Mechanical protection and thermal insulation

Adipose tissue:

  • cushions mechanical injuries,
  • protects internal organs,
  • limits heat loss,
  • participates in maintaining proper body temperature.

Subcutaneous tissue is also responsible for the body contour and soft tissue tension.

Adipose tissue - how it forms and disappears

The process of adipose tissue formation is referred to as adipogenesis.
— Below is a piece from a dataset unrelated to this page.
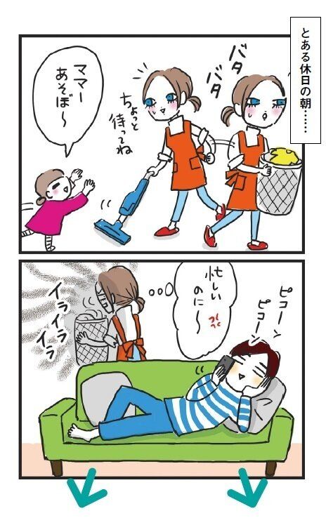 スマホを片手に”見てる”だけ。怒る妻に対して夫は「言われたとおりにしたのに」と疑問に。夫は悪気なく”見てて”をそのまま解釈しがち。

It already develops during fetal life, however, its amount and distribution change throughout life under the influence of genetic, hormonal, and environmental factors.

Formation of adipose tissue

An increase in the amount of adipose tissue occurs in two ways:

  • by increasing the volume of adipocytes (hypertrophy),
  • by increasing the number of adipocytes (hyperplasia).

An excess of calories, especially with low physical activity, leads to the deposition of triglycerides in fat cells.

The development of adipose tissue is influenced by:

  • a diet rich in simple sugars and highly processed food,
  • a sedentary lifestyle,
  • chronic stress,
  • hormonal disorders,
  • sleep deprivation,
  • genetic predisposition.

An important role is also played by insulin – a hormone that promotes fat storage.

Loss of adipose tissue

The reduction of body fat occurs primarily as a result of a negative energy balance, which is a situation in which the body consumes more energy than it receives from food.

The process of body fat reduction includes:

  1. lipolysis – breakdown of triglycerides,
  2. release of fatty acids,
  3. their use as an energy source.

In clinical practice, body fat reduction is based on:

  • an appropriately balanced diet,
  • physical activity,
  • improving sleep quality,
  • regulating hormonal balance,
  • reducing chronic inflammation.

In aesthetic medicine and cosmetology, procedures supporting body shaping and the reduction of local fat deposits are also used, including:

These treatments do not replace the treatment of obesity, but they can support the reduction of locally accumulated fat tissue and improve skin quality.

Body fat and health - when it becomes a problem

The proper amount of body fat is essential for maintaining health. The problem arises both with its excess and deficiency.

Excess body fat

Obesity is a chronic metabolic disease of multifactorial origin. An excessive amount of adipose tissue leads to chronic low-grade inflammation, which damages blood vessels and impairs the functioning of many organs.

Health consequences include:

  • type 2 diabetes,
  • arterial hypertension,
  • dyslipidemia,
  • ischemic heart disease,
  • stroke,
  • obstructive sleep apnea,
  • joint degeneration,
  • non-alcoholic fatty liver,
  • hormonal and fertility disorders,
  • an increased risk of cancer.

Visceral fat, which exhibits strong pro-inflammatory and metabolic effects, remains particularly dangerous.

Deficiency of adipose tissue

Too low a level of body fat can also lead to serious health disorders.

Possible consequences:

  • hormonal disorders,
  • loss of menstruation,
  • infertility,
  • osteopenia and osteoporosis,
  • weakened immunity,
  • chronic fatigue,
  • deficiencies of fat-soluble vitamins.

This is because body fat participates in the synthesis of steroid hormones and the storage of vitamins A, D, E and K.

The importance of body composition diagnostics

Assessing body weight solely on the basis of BMI can be insufficient. Body composition analysis is becoming increasingly important, taking into account:

  • body fat percentage,
  • the amount of visceral fat,
  • muscle mass,
  • body hydration.

This allows for a more accurate assessment of metabolic risk and more effective planning of treatment and prevention.